Page MenuHomePhabricator

Wikidata autocomplete (wbsearchentities) results with score <= 0
Open, NormalPublic

Description

When running the wikidata autocomplete queries it's possible for results to have 0 score due to the way it is constructed. This is not currently a critical problem, but future versions of elastic disallow negative scores.

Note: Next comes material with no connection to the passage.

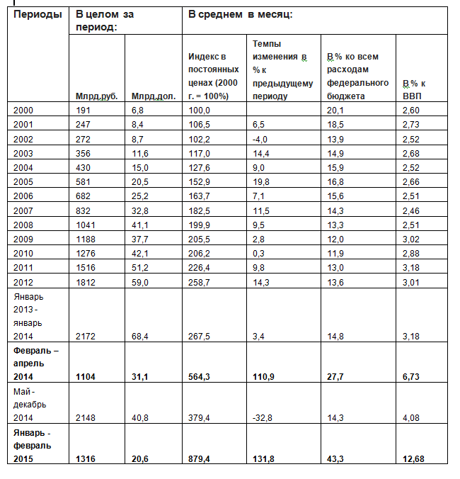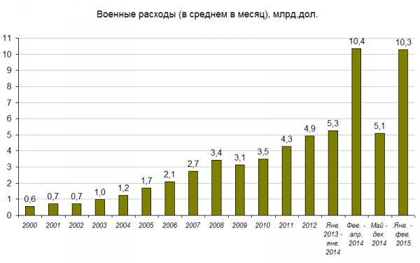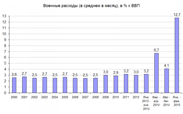 Источник: Минфин России.После принятия кремлевским руководством окончательного решения о нападении на Украину (самое позднее, очевидно, – 9–10 февраля 2014 г.) военные расходы были увеличены более чем вдвое. В то время планировались операции не только по захвату и оккупации Крыма, но и по завоеванию т.н. Новороссии. В феврале – апреле 2014 г. российские военные расходы составили 31 млрд дол., или 6,7% ВВП (27,7% всех бюджетных расходов). В конце апреля 2014 г. военная операция по захвату "Новороссии" была отменена (отложена), среднемесячные военные расходы в мае – декабре 2014 г. были сокращены на треть, по сравнению с уровнем февраля–апреля 2014 г. Следует обратить внимание на то, что не только регулярные воинские маневры, не только передислокация значительного числа войск на российско-украинскую границу, но и даже участие около 10 батальоннно-тактических групп регулярных российских войск непосредственно в боевых действиях на территории Украины (в том числе под Саур-Могилой и Иловайском) в то время не потребовали увеличения военных расходов.Ситуация радикально изменилась в январе–феврале 2015 г. Среднемесячные военные расходы в постоянных ценах были увеличены в 2,3 раз по сравнению даже с предыдущим (военным) периодом (май-декабрь 2014 г.), в 3,3 раз – по сравнению с последним предвоенным периодом (январь 2013 г. – январь 2014 г.), в 8,8 раз – по сравнению с 2000 г. За последние два месяца военные расходы составили свыше 1,3 трлн руб. (более 20 млрд дол., 43,3% всех расходов федерального бюджета, 12,7% ВВП).

https://www.wikidata.org//w/api.php?action=wbsearchentities&format=json&search=abstract+art&language=en&cirrusDumpQuery

{
    "bool": {
      "should": [
        {
          "bool": {
            "filter": [ { "match": { "labels_all.prefix": "albert" } } ],
            "should": [
              {
                "dis_max": {
                  "tie_breaker": 0,
                  "queries": [
                    { "constant_score": { "filter": { "match": { "labels.en.near_match": "albert" } }, "boost": 2 } },
                    { "constant_score": { "filter": { "match": { "labels.en.near_match_folded": "albert" } }, "boost": 1.6 } },
                    { "constant_score": { "filter": { "match": { "labels.en.prefix": "albert" } }, "boost": 1.1 } },
                    { "constant_score": { "filter": { "match": { "labels_all.near_match_folded": "albert" } }, "boost": 0.001 } }
                  ]
                }
              }
            ]
          }
        },
        { "term": { "title.keyword": "albert" } }
      ],
      "minimum_should_match": 1,
      "filter": [ { "term": { "content_model": "wikibase-item" } } ]
    }
  }

https://www.wikidata.org//w/api.php?action=wbsearchentities&format=json&search=abstract+art&language=en&cirrusDumpResult
The 6th result has a score of 0:

{
    _index: "wikidatawiki_content_1537536135",
    _type: "page",
    _id: "55400981",
    _score: 0,
    _source: {
        namespace: 0,
        title: "Q55370741",
        descriptions: {
            en: "exhibition"
        }
    },
    highlight: {
        labels.nl.prefix: [
            "0:0-12:40|Abstract art, Befreiung, Stil und Ironie"
        ]
    }
}

In this particular case there are only 7 results, so a score wouldn't change anything, but this likely occurs elsewhere. Item's can match the bool filter but nothing else, resulting in a score of 0. Negative rescore boosts take the 0 and turn it negative.Converting that filter into a must with tiny boost should ensure we always have some sort of score to apply basic ordering:

{
    "bool": {
      "should": [
        {
          "bool": {
            "must": [
                { "constant_score": { "filter": { "match": { "labels_all.prefix": "albert" }}, "boost": 0.001} }
            ],
            "should": [
              {
                "dis_max": {
                  "tie_breaker": 0,
                  "queries": [
                    { "constant_score": { "filter": { "match": { "labels.en.near_match": "albert" } }, "boost": 2 } },
                    { "constant_score": { "filter": { "match": { "labels.en.near_match_folded": "albert" } }, "boost": 1.6 } },
                    { "constant_score": { "filter": { "match": { "labels.en.prefix": "albert" } }, "boost": 1.1 } },
                    { "constant_score": { "filter": { "match": { "labels_all.near_match_folded": "albert" } }, "boost": 0.001 } }
                  ]
                }
              }
            ]
          }
        },
        { "term": { "title.keyword": "{{QUERY_STRING}}" } }
      ],
      "minimum_should_match": 1,
      "filter": [ { "term": { "content_model": "wikibase-item" } } ]
    }
  }

For the negative boosts, perhaps we can come up with a way to switch them from sum's to products. A product with a value < 1 will de-boost things without going negative.

Event Timeline

Restricted Application added a subscriber: Aklapper. · View Herald TranscriptNov 19 2018, 4:28 PM
EBernhardson updated the task description. (Show Details)Nov 19 2018, 4:28 PM
EBernhardson updated the task description. (Show Details)
Addshore moved this task from incoming to monitoring on the Wikidata board.Nov 19 2018, 5:10 PM

I suggest converting the negative boosts to a positive boost and flip the filter condition to MUST_NOT, I think we can do this automatically within cirrus.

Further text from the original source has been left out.